Sorry this is very long and complex but that is kind of how insurance is? To boil it down to a “eli5” 2-3 sentence explanation would either require your specific plan information in much more detail or to overgeneralize and potentially mislead you.

[–] chrischryse@lemmy.world 1 points 2 months ago (1 children)

So basically my job covers 50% I guess since I think taht's why I'm charged 50% of the cost before deductible.

[–] quixotic120@lemmy.world 1 points 2 months ago

Then if you’ve met your deductible the big question is if you have a coinsurance after the deductible is met and an out of pocket maximum.

If your coinsurance is 60% or 80% or whatever, you won’t be responsible for the full bill but only that percentage of it.

If you have no coinsurance (a no charge after deductible plan) the service should be covered 100%

If you have coinsurance you should have an out of pocket max, which once hit should end the coinsurance and make services covered 100%. OOP max is typically quite a bit higher than deductible, sometimes 5-7x as much, but not always. It’s plan specific.

If your employer pays 50% that is an arrangement they have worked out and the specifics will be tied to your companies contract. This could mean they would pay 50% of any bill (unlikely as this is not a fixed cost they can plan for. Maybe if you’re like a ceo or some shit) or it could mean that up to your deductible they’ll pay 50%.

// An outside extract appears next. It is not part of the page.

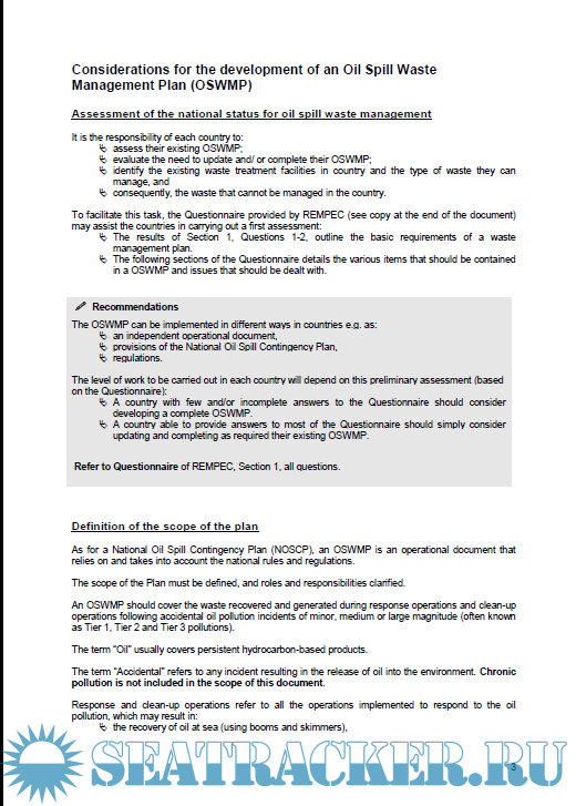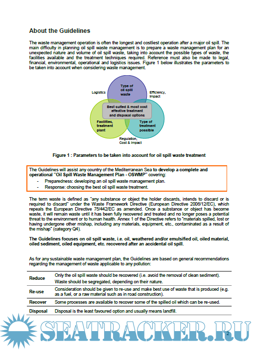 Year: 2011 Language: english Author: REMPEC Genre: Guide Format: PDF Quality: eBook Pages count: 144 Description: Due to the difficulties associated with the management of the waste, after a spill, from its removal, transport, treatment, to the final disposal, waste management is considered as being a key element of the contingency plan. It is thus a fundamental requirement that waste management is incorporated in the response strategy from the beginning of the response operation to ensure a successful response, avoid secondary contamination and minimize costs.
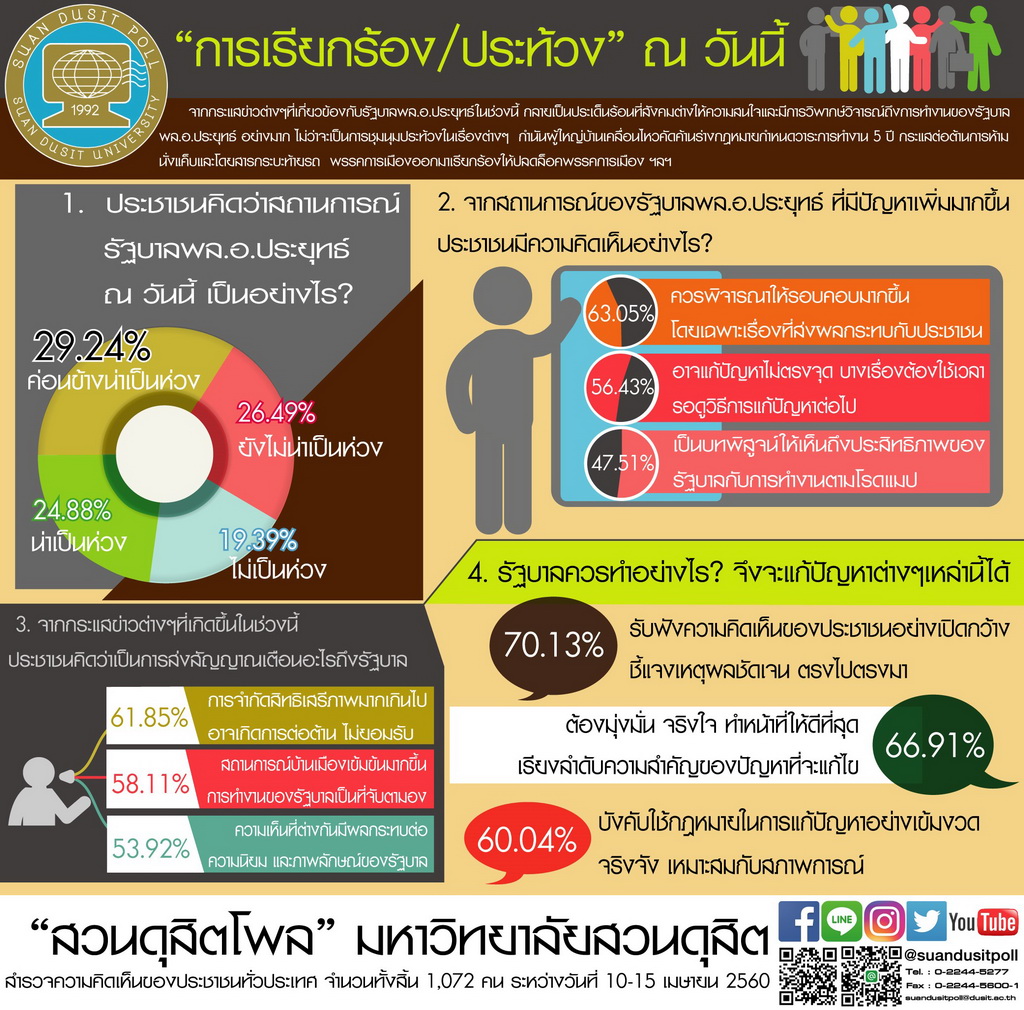 การสำรวจความคิดเห็นของประชาชนจำนวน 1,072 คน ระหว่างวันที่ 10-15 เมษายน 2560 เกี่ยวกับสถานการณ์การเรียกร้องประท้วงในรัฐบาลพล.อ.ประยุทธ์ พบว่า ประชาชนส่วนใหญ่มองว่าสถานการณ์ค่อนข้างน่าเป็นห่วง (29.24%) เนื่องจากมีการเคลื่อนไหวของกลุ่มต่างๆ และการใช้อำนาจตัดสินใจโดยไม่รับฟังเสียงจากรอบด้าน ประชาชนเห็นว่ารัฐบาลควรพิจารณาให้รอบคอบมากขึ้น (63.05%) และมองกระแสข่าวต่างๆ เป็นการส่งสัญญาณเตือนเรื่องการจำกัดสิทธิเสรีภาพมากเกินไป (61.85%) และสถานการณ์บ้านเมืองที่เข้มข้นมากขึ้น (58.11%) สำหรับการแก้ปัญหา ประชาชนต้องการให้รัฐบาลรับฟังความคิดเห็นอย่างเปิดกว้างและชี้แจงเหตุผลชัดเจน (70.13%) รวมถึงต้องมุ่งมั่นทำหน้าที่ให้ดีที่สุด (66.91%)

Also keep in mind even if you’re in a “covered 100%” scenario there are some instances in which you would still get billed:

Differential vs contracted rates - if the hospital charges $5000 for your procedure but your insurance only pays $4600 the hospital can sometimes bill you for the difference. This is not always the case; some contracts require the servicer (doctor) to accept the contracted rates and not charge more. Most common reason you’d get a bill in the above 100% scenarios and also the reason the math might not work out in coinsurance scenarios. Eg in the above surgery example your bill would probably be $1320. It should be 920 as that is 20% of the $4600 paid, or even $1000 as that is 20% of the 5k billed, but you pay the 920 as 20% of what your insurance paid plus the $400 difference, so $1320

Out of network providers - these can often have a separate deductible and sometimes in hospitals a provider can be out of network even though the hospital itself is in network

Non covered services - if the procedure involves a service that isn’t covered (uncommon)

Billing errors: if a bill looks wrong contest it and if your insurance isn’t reimbursing providers properly complain to them. Sometimes a medical office gets your info wrong and assumes your deductible or coinsurance is active when it shouldn’t be. Sometimes your insurance makes similar mistakes.